Task instructions
Take the lines below from the one with "Conference Center is" through the one with "現貨免等『靜音好眠』純棉無聲魔術貼自黏嬰兒安撫包巾(80x35cm)新生兒襁褓巾 保暖防驚 寶寶包手肚圍" and retype them exactly. Include nothing else, and no pictures.

Records for this exercise
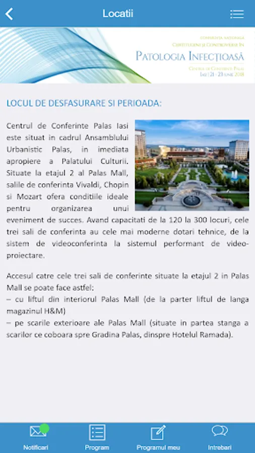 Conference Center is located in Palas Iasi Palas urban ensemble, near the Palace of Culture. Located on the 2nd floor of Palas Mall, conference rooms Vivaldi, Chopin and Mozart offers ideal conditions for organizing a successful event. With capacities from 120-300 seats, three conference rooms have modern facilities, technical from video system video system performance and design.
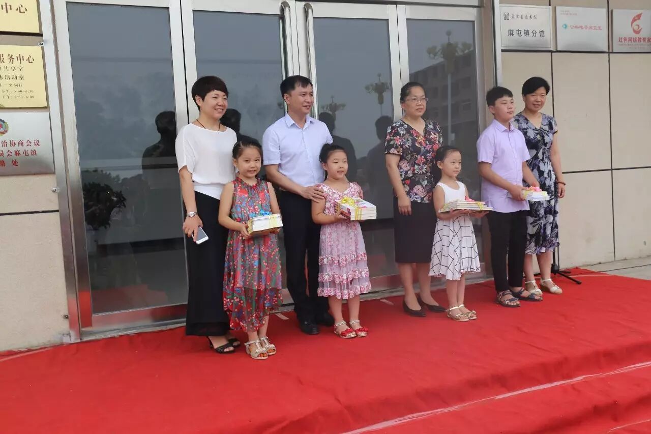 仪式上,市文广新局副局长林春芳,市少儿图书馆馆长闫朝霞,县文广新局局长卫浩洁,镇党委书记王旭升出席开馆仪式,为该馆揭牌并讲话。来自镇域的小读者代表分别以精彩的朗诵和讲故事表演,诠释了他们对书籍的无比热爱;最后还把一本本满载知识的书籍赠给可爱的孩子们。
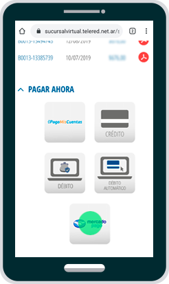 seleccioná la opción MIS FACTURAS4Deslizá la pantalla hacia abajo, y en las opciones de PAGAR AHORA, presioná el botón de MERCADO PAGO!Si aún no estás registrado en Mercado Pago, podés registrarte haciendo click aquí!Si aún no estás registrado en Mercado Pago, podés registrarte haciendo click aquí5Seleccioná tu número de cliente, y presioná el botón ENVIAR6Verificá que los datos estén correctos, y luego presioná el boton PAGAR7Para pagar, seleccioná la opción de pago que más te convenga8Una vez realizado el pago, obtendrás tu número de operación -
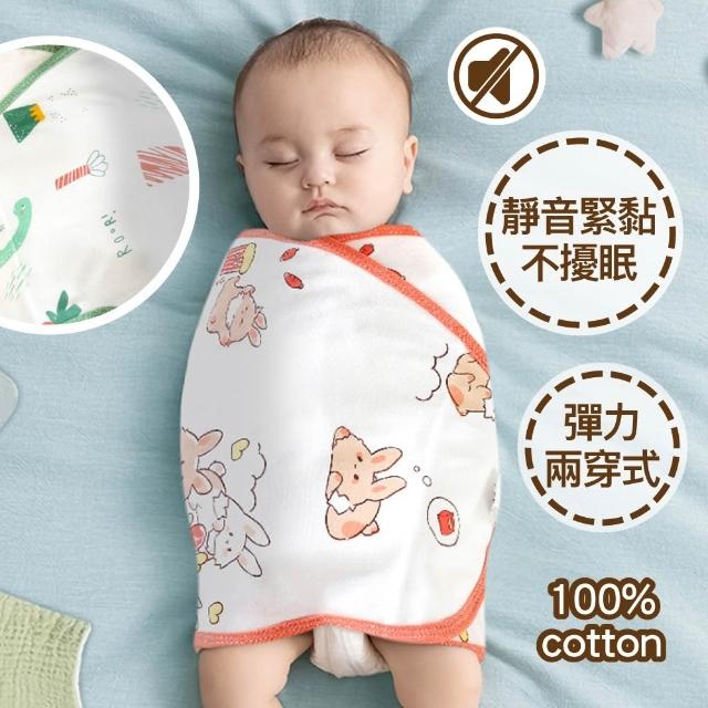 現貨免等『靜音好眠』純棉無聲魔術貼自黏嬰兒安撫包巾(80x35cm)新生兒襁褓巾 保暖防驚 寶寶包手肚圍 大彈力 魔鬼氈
...
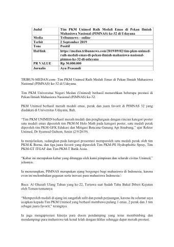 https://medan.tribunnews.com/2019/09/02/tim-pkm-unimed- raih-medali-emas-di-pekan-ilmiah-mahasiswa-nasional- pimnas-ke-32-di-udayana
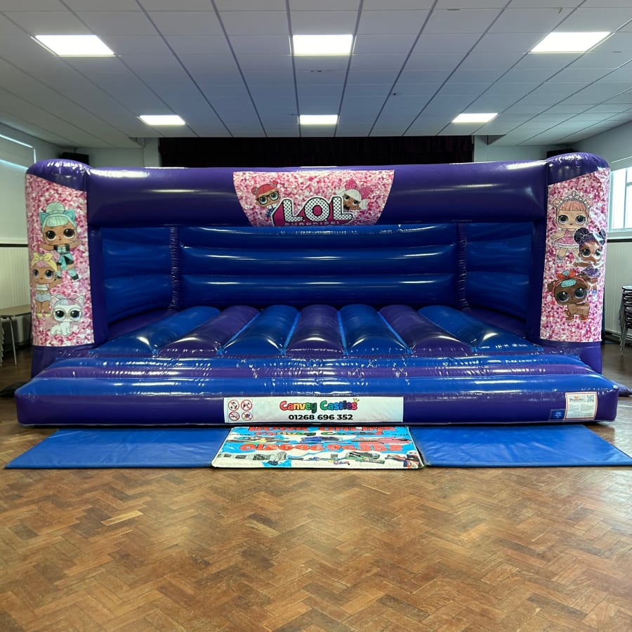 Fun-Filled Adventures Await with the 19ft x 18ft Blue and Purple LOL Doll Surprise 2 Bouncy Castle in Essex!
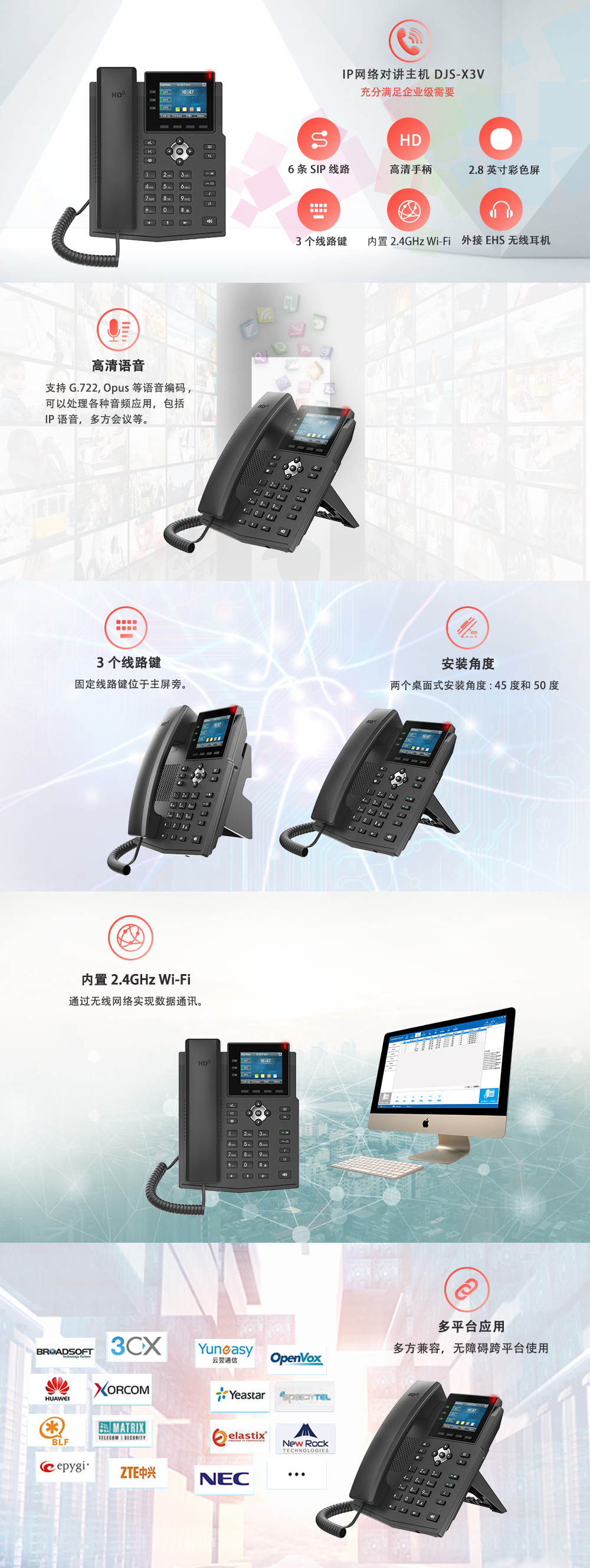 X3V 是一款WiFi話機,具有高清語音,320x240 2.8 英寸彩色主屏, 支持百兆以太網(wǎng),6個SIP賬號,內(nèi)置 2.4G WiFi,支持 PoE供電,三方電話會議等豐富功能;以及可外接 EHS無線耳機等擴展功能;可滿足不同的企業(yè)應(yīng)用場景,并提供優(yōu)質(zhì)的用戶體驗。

Response area
 Conference Center is located in Palas Iasi Palas urban ensemble, near the Palace of Culture. Located on the 2nd floor of Palas Mall, conference rooms Vivaldi, Chopin and Mozart offers ideal conditions for organizing a successful event. With capacities from 120-300 seats, three conference rooms have modern facilities, technical from video system video system performance and design.
 仪式上,市文广新局副局长林春芳,市少儿图书馆馆长闫朝霞,县文广新局局长卫浩洁,镇党委书记王旭升出席开馆仪式,为该馆揭牌并讲话。来自镇域的小读者代表分别以精彩的朗诵和讲故事表演,诠释了他们对书籍的无比热爱;最后还把一本本满载知识的书籍赠给可爱的孩子们。
 seleccioná la opción MIS FACTURAS4Deslizá la pantalla hacia abajo, y en las opciones de PAGAR AHORA, presioná el botón de MERCADO PAGO!Si aún no estás registrado en Mercado Pago, podés registrarte haciendo click aquí!Si aún no estás registrado en Mercado Pago, podés registrarte haciendo click aquí5Seleccioná tu número de cliente, y presioná el botón ENVIAR6Verificá que los datos estén correctos, y luego presioná el boton PAGAR7Para pagar, seleccioná la opción de pago que más te convenga8Una vez realizado el pago, obtendrás tu número de operación -
 現貨免等『靜音好眠』純棉無聲魔術貼自黏嬰兒安撫包巾(80x35cm)新生兒襁褓巾 保暖防驚 寶寶包手肚圍 大彈力 魔鬼氈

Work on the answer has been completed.